As the heavens opened and rain poured down, loved ones of Phil Beer piled into St Michael's Church, in Brook Road, for a service in memory of the 22-year-old from Masefield Avenue.

Phil was travelling to work with his best friend, Patrick Barnes, on the Piccadilly Line when a suicide bomber detonated a device between King's Cross and Russell Square.

The four bombs which exploded across the London transport network that day claimed the lives of 52 people and injured 700.

Saturday's service was organised by Phil's grandfather, Charlie Beer. On arrival, mourners were given order-of- service cards, headed with the simple quote, "Grief is the price we pay for love."

Conducting the ceremony, the Rev Richard Leslie said: "Even though three months have gone by since the terrible events of July 7, memories are still fresh and raw, and so to is the grief.
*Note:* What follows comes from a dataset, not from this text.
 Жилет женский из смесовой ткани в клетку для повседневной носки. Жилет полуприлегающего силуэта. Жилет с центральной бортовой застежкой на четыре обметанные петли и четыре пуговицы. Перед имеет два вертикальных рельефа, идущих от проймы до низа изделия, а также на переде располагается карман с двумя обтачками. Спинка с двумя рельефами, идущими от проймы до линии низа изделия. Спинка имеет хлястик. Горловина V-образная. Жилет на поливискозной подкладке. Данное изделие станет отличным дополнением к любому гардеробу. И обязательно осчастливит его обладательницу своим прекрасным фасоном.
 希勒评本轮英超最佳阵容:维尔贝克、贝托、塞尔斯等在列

"So today we gather for the strength to carry on, and for some time to remember Phil and give thanks for all that he gave to us and all the happiness and joy he brought into our lives.
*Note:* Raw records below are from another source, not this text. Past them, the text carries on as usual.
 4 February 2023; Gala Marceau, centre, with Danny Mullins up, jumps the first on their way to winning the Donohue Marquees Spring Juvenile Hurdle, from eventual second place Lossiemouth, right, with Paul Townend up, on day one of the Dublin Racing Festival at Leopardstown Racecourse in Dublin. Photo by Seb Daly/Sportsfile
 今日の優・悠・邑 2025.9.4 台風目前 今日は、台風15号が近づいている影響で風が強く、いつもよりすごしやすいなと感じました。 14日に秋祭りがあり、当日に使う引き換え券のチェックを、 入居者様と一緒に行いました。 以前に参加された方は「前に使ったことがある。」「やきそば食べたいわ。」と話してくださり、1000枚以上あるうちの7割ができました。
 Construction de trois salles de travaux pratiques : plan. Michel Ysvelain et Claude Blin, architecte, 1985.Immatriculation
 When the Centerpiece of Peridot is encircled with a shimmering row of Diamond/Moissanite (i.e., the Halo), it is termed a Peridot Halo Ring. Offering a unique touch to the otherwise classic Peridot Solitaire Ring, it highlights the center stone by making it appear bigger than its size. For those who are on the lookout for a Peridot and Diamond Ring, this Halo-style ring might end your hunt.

"We pray for ourselves and for each other as we mourn his passing from this life to the next. We believe there is hope even in the face of death and that Phil's journey has not come to an end.

"We shall never forget the horror of that day and will never understand why this happened or why his life was cut short. But the memories can never be taken away from us and will be part of us forever. So hold on as hard as you can to the memories of Phil and cherish them. May his love of life, dancing and partying be an example to us all.
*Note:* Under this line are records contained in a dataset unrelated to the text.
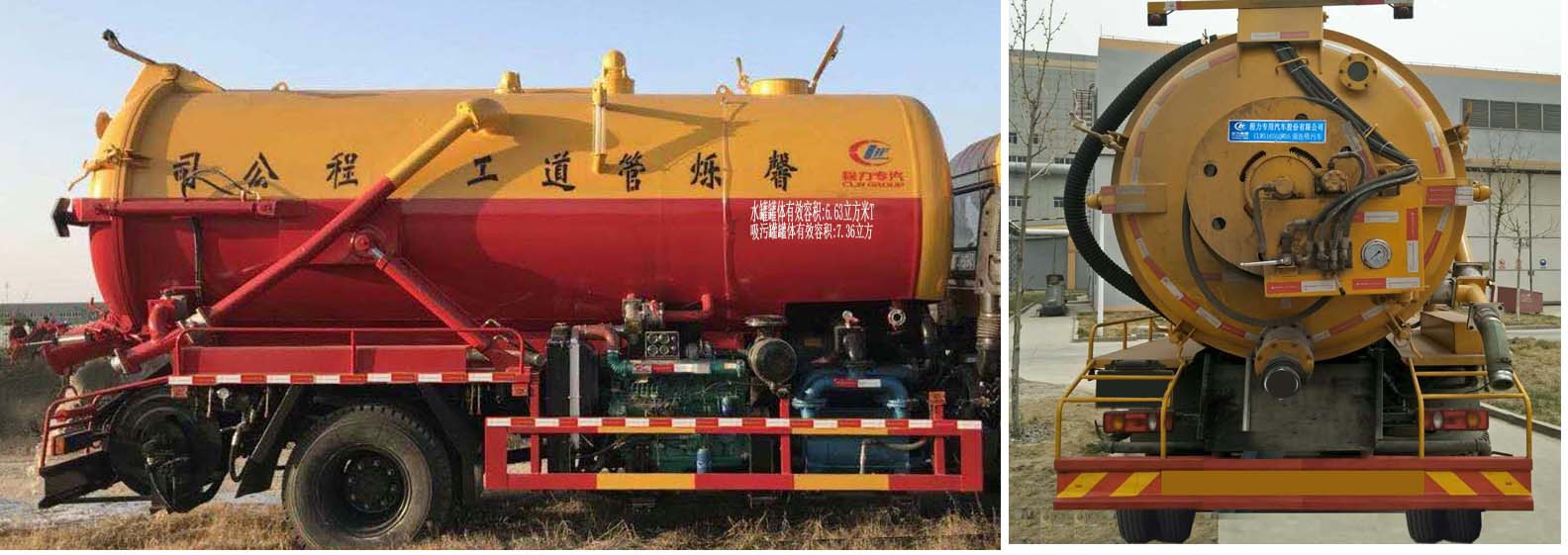 该车装有取力器,高压水泵,高压水管,高压泵头,真空吸污泵以及水罐,吸污罐,用于清洗和吸污;水罐罐体有效容积:6.63立方米,罐体外形尺寸(长×直径)(mm):2250×1850;吸污罐罐体有效容积:7.36立方米,罐体外形尺寸(长×直径)(mm):2950×1850; 水罐和吸污罐为两个独立罐体,两罐不能同时满载,轴距与后悬的关系为(mm):5000/2070,4700/2370,4500/2570;防护材料:Q235A碳钢,连接方式:左右侧面及后下部防护均采用焊接连接,后部防护断面尺寸(mm):280×50,后部防护离地高度(mm):450;随底盘选装驾驶室, 选装外形变化,ABS型号:3631010-C2000,4460046440;生产厂家:东科克诺尔商用车制动系统(十堰)有限公司,威伯科汽车控制系统(中国)有限公司,选用轮胎以及层级: 9.00R20(16PR),10.00-20(16/18PR),10.00R20(14/16/18PR),10R22.5(16PR),275/80R22.5,275/70R22.5(16/18PR),295/80R22.5, 选装新款驾驶室。 |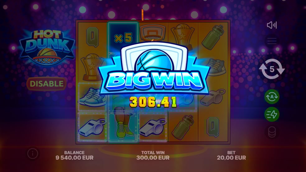 Hot Dunk also includes a Bonus Buy feature, allowing players to access key gameplay elements instantly. This includes activating guaranteed WILDs with multipliers in the base game or unlocking Free Spins without waiting for scatter combinations. The feature is designed to give players more control over how they engage with the game.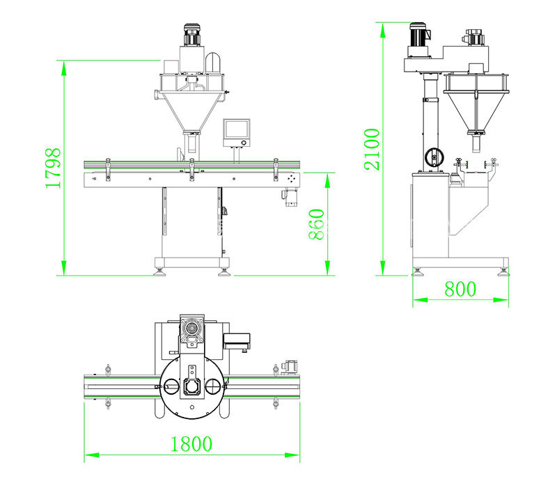 氣動托罐裝置,保證充填時物料不灑出容器外。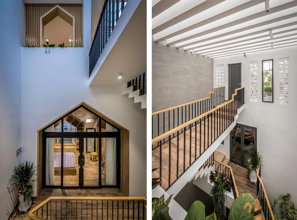 | Thiết kế lệch tầng, lệch thang làm các không gian trở nên gần nhau hơn. |

"He is now in a place where there is no evil or hatred."

Accompanied by a pianist, playing Eric Clapton's Tears in Heaven, family and friends stepped up to each light a candle placed on a table next to a dozen pink roses and a photograph of Phil.

Mr Leslie continued: "By lighting these candles, we seek to overcome darkness with light.

"Phil, may you go further along your journey in this world and may you rest in peace where grief and misery are banished and life is joyous. He is now among the stars and the planets and dancing with the flowers. We love you and will miss you."

As the vicar spoke his last words, the pianist played the song, Time to Say Goodbye, and the service was drawn to an end.